Wednesday, October 21, 2020

Seretse accepts defeat with grace

Minister of Defence Justice and Security, Dikgakgamatso Ndelu Ramadeluka Seretse, has accepted the outcome of the Botswana Democratic Party (BDP) primaries for the Serowe North East constituency.

Seretse lost by a margin of 2.602 votes to his political rival, Kgotla Autlwetse, who polled 4,084 votes against Seretse’s 1,478.
“I am not going to break a bone over the outcome…whoever spoke has spoken and as they say the voice of the majority carries the day in a democracy…,” Seretse told The Telegraph this week.

Seretse says he was happy with the outcome of the elections and applauded the party’s election officials and returning officer for a sterling job.

The election officials were firm and resolute.

He said that although he had lost the parliamentary bid, this did not mark the end of his political career.

Seretse believes his campaign strategy for re-election was good but only that Autlwetse’s tact was because he emerged victorious.
Seretse was elected as the area MP 10 years ago defeating Autlwetse in an election brawl that ended at the High Court.
Their second encounter was in 2008 and this time Seretse won the constituency without a hustle.

“You cannot determine my political future on the occurrence of one incident…Accordingly what the results mean is that I will not represent the party in the up -coming general elections next year…” he said.

“To say its the end of my political career would be foolhardy…you can still participate in politics through a number of ways,” he added.

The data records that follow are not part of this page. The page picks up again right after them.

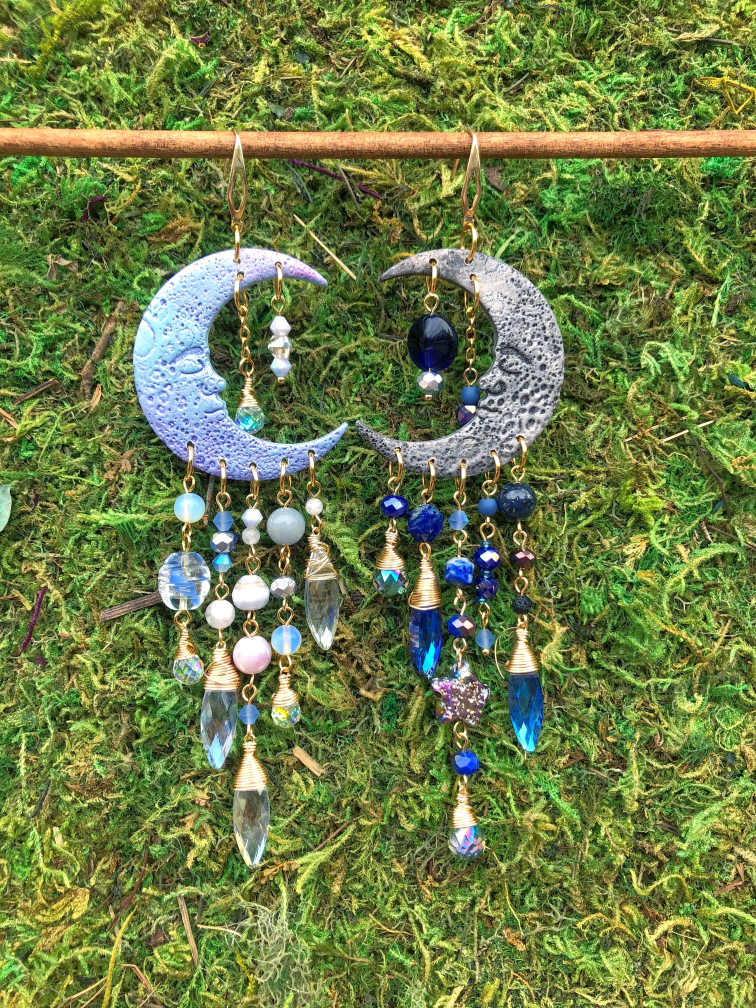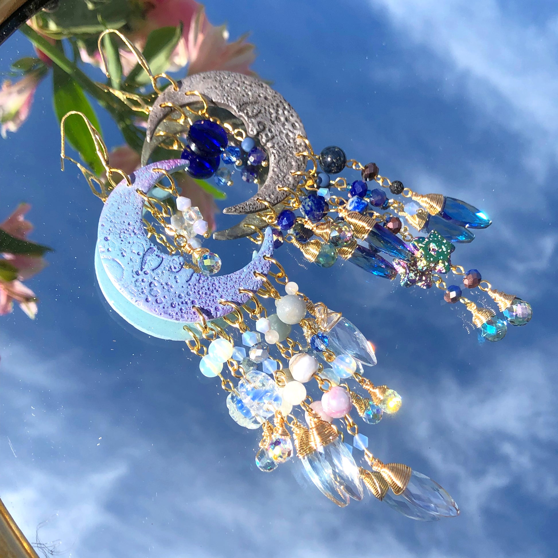 Two sides of the same moon, each unique but united. A periwinkle blue moon with various glass beads and semi-precious crystals (Angelite, Moonstone, Blue Lace Agate) to represent warm evenings when the moon can be seen through a beautiful blue sky. A gray moon represents the moon at night, with stars, deep blues, and dark twinkles. The gray moon features Lapis Lazuli and faceted glass beads. Both moons have faceted glass that has been wire wrapped in tarnish resistant gold wire.
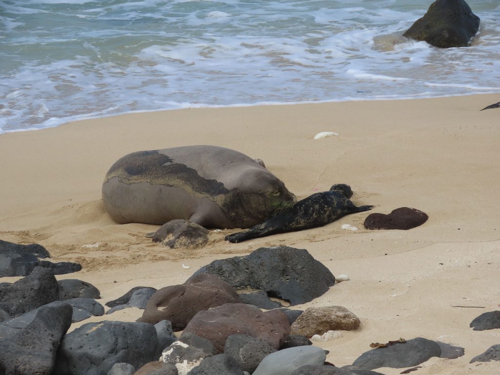 DLNR, NOAA Fisheries, and Hawai‘i Marine Animal Response will continue to actively monitor the moms and their pups for the next five to six weeks.
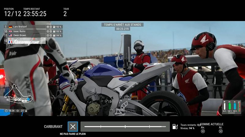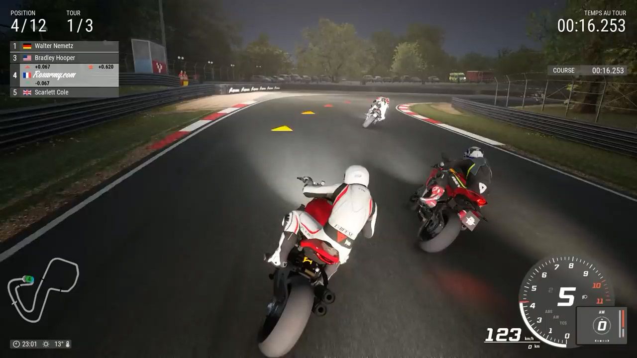 En plus du ravitaillement en essence, il faut désormais dans Ride 4 prendre en compte l’usure des pneus qui dépend à la fois du pilotage, des gommes choisies et de l’état des circuits. La compétition contre l’intelligence artificielle baptisée A.N.N.A s’avère particulièrement ardue surtout quand la difficulté est réglée à 120%.
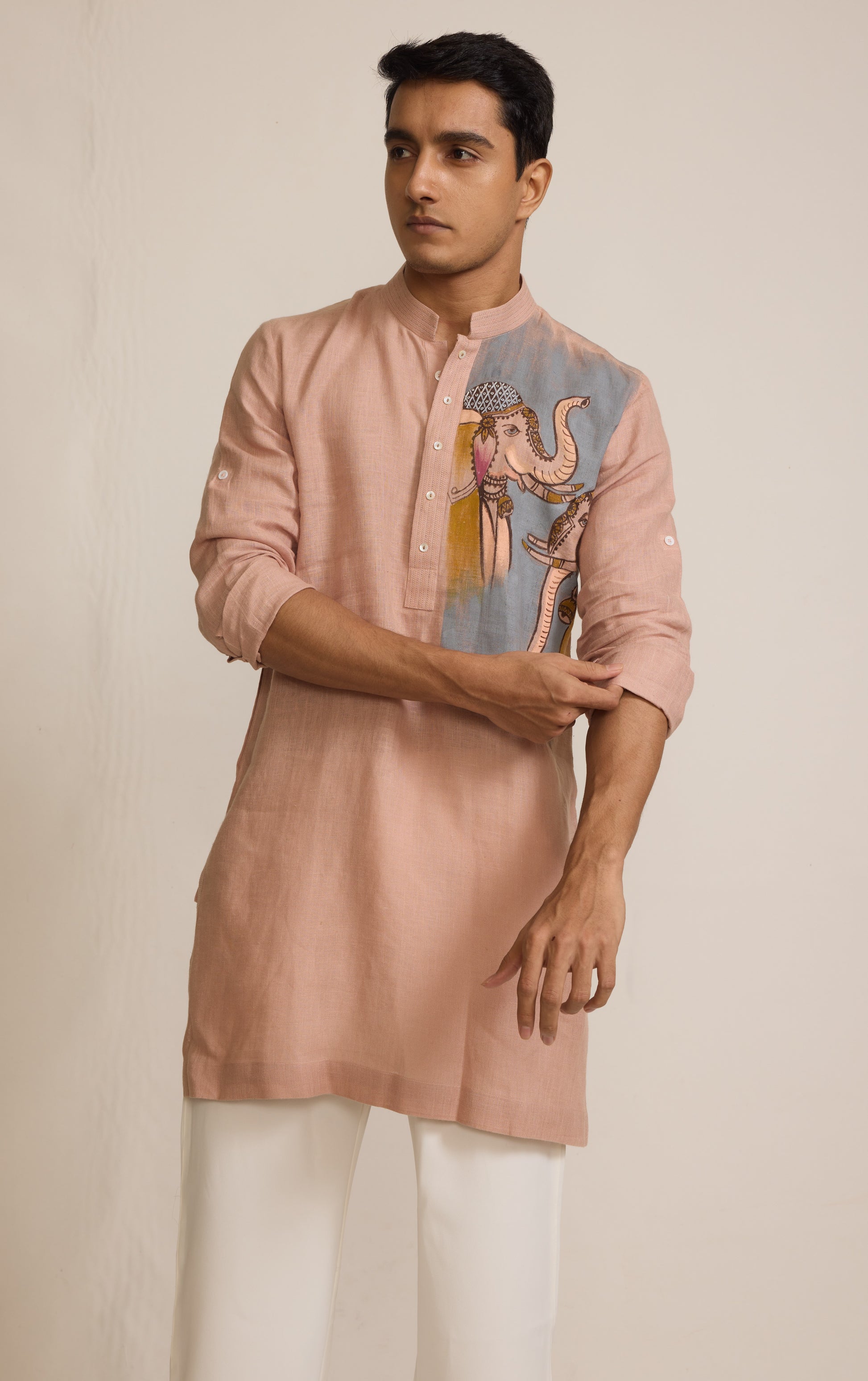 Color: The main body of the kurta is a soft, muted tone, appearing to be a light onion pinkĀ color.
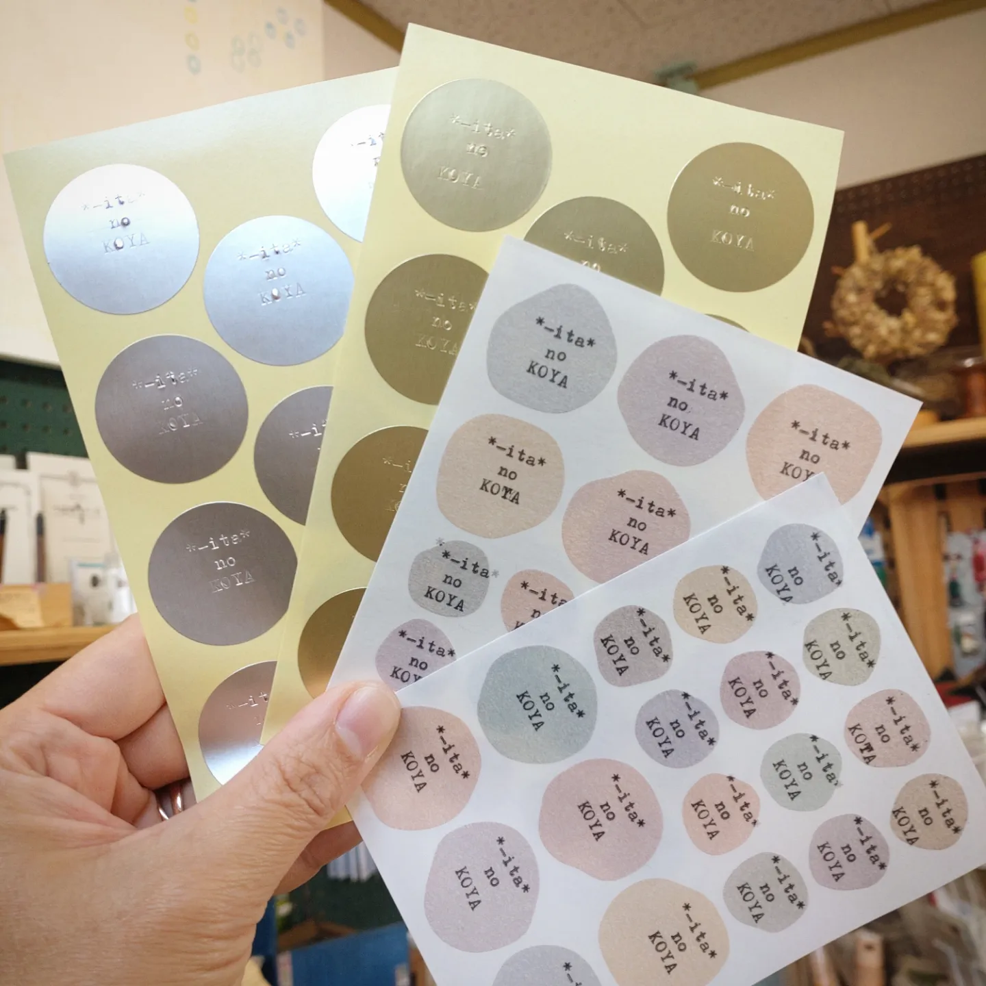 タイプライターなら位置決めが自由なので、シート状のシールへの印字も得意分野です。金銀のラベルシールはステンシル(インクがでない)で表現されていて素敵なアイディアだなと感心させられました。
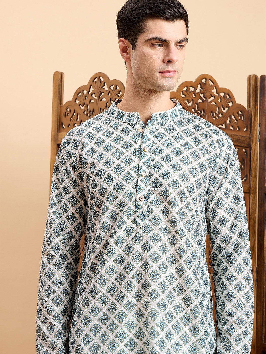 This blue and cream coloured kurta features ethnic motifs that are printed on a machine weave regular cotton fabric. It has a classic mandarin collar and long, regular sleeves. The straight shape with regular style gives a comfortable fit, while the straight hem and calf length add a touch of elegance. Perfect for any occasion.
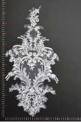 Aplikacja zdobiona, stworzona z eleganckiej koronki oraz niepowtarzalnych, rozświetlających naszywkę dodatków. Cały design produktu pozwala wykorzystać go jako wyjątkowy element dekoracyjny sukni wieczorowej, koktajlowej lub ślubnej
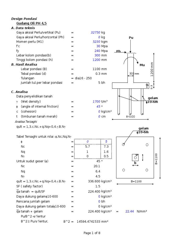 Perhitungan Pondasi Telapak Xls
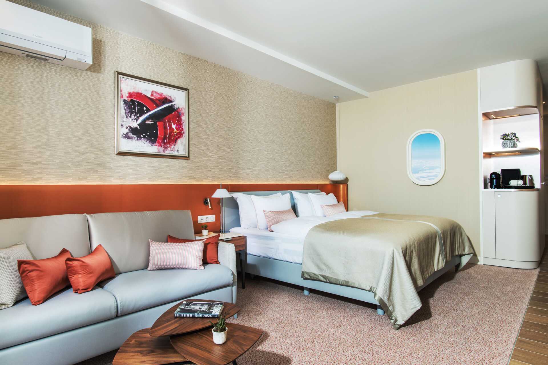 Deluxerum med balkong. Två enkelsängar. Möjlighet till extrabäddar i bädsoffa. Wifi, luftkonditionering och deponering ingår. Minibar ingår och fylls på dagligen. Vattenkokare samt kaffe och te. Tv med internationella kanaler. Badrock finns mot förfrågan. Hårtork. Badrum med badkar eller dusch samt wc. Städning 7 ggr/vecka.

Asked about his presidential ambitions, Seretse said, “ambitions are just ambitions. Afterall for one to be a vice president he has to be chosen by the sitting president, so even if I had ambitions, it was still up to the president to elect me if he so wishes.”

Seretse said that he is satisfied that he served his country well. “I served my country well. The people are the ones who evaluate one’s service. The people must judge you. I cannot be my own judge but the people have never complained of my service as a minister,” he said.

Seretse said he would remain a minister until the 2014 general elections when Parliament resumes. Asked whether he would accept to be a Specially Elected MP should President Khama elect him, he said, “Let’s wait for that time.”

 Meanwhile the man who trounced Seretse has altogether declined to speak to the media about his election victory.
Autlwetse and his supporters celebrated in style after the results were announced.
He was winched up by a jubilant mob of his supporters who sang praise songs.

Meanwhile Seretse was too coy to congratulate the election winner publicly for fear of being attacked by the uncontrollable crowd that had voted him.

By the time the final results were announced Seretse sat secluded in his vehicle some few metres away from the Swaneng Hill hall where Autlwetse victory elation and praise songs were picking momentum on Sunday morning.
 
If the BDP wins next year’s general elections Seretse can only make it to parliament through President Ian Khama’s prerogative of nominating specially elected members of parliament.

Interestingly, all the councillors who were subjected to another re-run even though their results were pronounced and accepted by losers won with a huge margin. All the councillors had defected to Autlwetse after they won the first elections.